What is Email Authentication?

What is Email Authentication?

What's Email Authentication? How does it apply to me?

Along with other technical standards we actively employ and adhere to in order to ensure industry leading deliverability, AWeber authenticates the email messages we send for our users.

AWeber authenticates all outgoing messages with:

  • DomainKeys Identified Mail (DKIM)

  • SPF

  • Sender ID

Although it's not the only factor involved with email deliverability, it is an important one, and understanding that we authenticate your email is essentially all you need to know about it if you are an AWeber user.

But why do we authenticate email? Read on for a better understanding of this important tool.

Understanding Email Authentication

ISPs continuously work to rid their networks of spam. This becomes increasingly difficult as spammers employ new techniques to avoid blocklisting and content filters.

One tactic that spammers often use is email forging (making a message appear to come from one domain/source, while actually sending it from another).

ISPs combat email forging with various forms of Email Authentication - essentially, having the owner of a domain provide a list of mail sources that are "legitimate" and that they take responsibility for. That way, if an email message purports to be from that domain, but isn't listed in that domain's legitimate mail sources, the ISP can refuse the message.

There's more than one authentication standard

Not all ISPs use the same technology to authenticate incoming messages, and so in order to get the best email deliverability possible you need to use each of the major authentication standards.

At present there are three major authentication standards:

  • Sender Policy Framework (SPF)

  • Sender ID

  • DomainKeys and DomainKey Identified Mail (DKIM)

Let's take a quick look at each one and what ISP/s may be using it.

We've tried to make these next sections as non-technical as possible, but to be honest it's pretty technical stuff.

Don't worry... the important thing is that the email newsletters and autoresponders you send through AWeber are authenticated.

This is just in case you're curious...

What is SPF?

According to the SPF website:

"SPF authenticates the envelope HELO and MAIL FROM identities by comparing the sending mail server's IP address to the list of authorized sending IP addresses published by the sender domain's owner in a "v=spf1" DNS record."

Basically what this means is: when a given website attempts to email you, your ISP can use SPF to check what IP address that email was sent from, and compare it to a listing of all the IPs that website uses to send email. If the IPs don't match, then the email isn't actually from that website, and your ISP can choose to not deliver it to you.

Who uses SPF?

Many providers such as AOL, Google, Earthlink, Outblaze, Yahoo, Road Runner, Hotmail, Bellsouth, Verizon, Charter, Shaw, Adelphia, and Juno also use SPF.

What is Sender ID?

Engineered by Microsoft, Sender ID is based off of SPF and addresses the same problem (email forging) by authenticating a different part of the email message.

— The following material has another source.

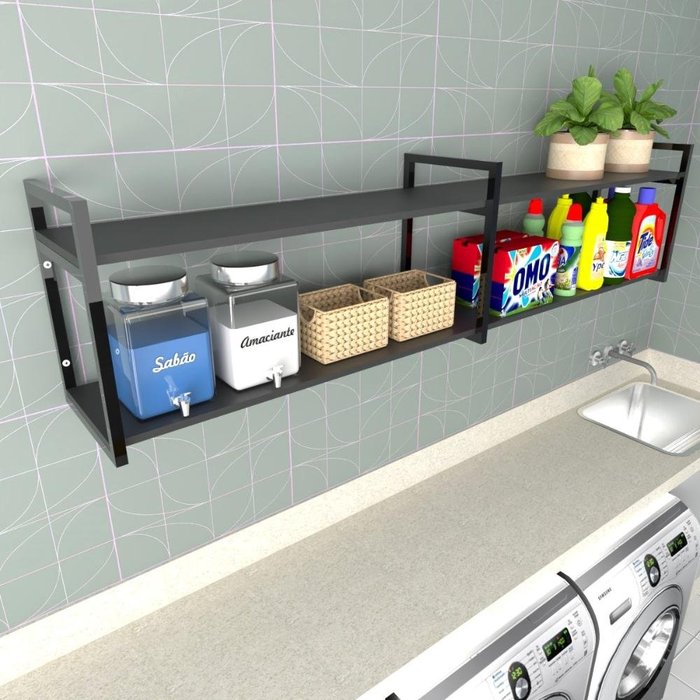 Prateleira Industrial Lavanderia Preto Area de Serviço Nicho Multi Uso Simples Estante Mdf

Sender ID uses an algorithm to determine the Purported Responsible Address (PRA) for an email message, and then to validate that address against the website's Sender ID record.

Who uses Sender ID?

Since Microsoft played a pivotal role in the creation of Sender ID, it's not surprising to find Hotmail and Windows Live Mail as the largest users of this type of authentication.

What are DomainKeys?

DomainKeys and DKIM work slightly differently than SPF and Sender ID.

With this standard, a website generates two corresponding "keys" - one public and one private.

You can think of the public key part as similar to SPF and Sender ID records since they're available to be seen by anyone. The private one, however, is only made available to the website's email servers.

When an email message is sent, the private key is placed into the message's headers. That way, when your ISP receives the message, they can check the public and private headers to make sure that the message is from who it claims to be, and that it hasn't been altered while being transmitted.

Who uses DomainKeys?

Yahoo! is responsible for developing DomainKeys and is the largest email provider using it. Gmail, AOL and Earthlink are other big users of the DomainKeys authentication standard, and overall DomainKeys is arguably the fastest growing of the three major standards.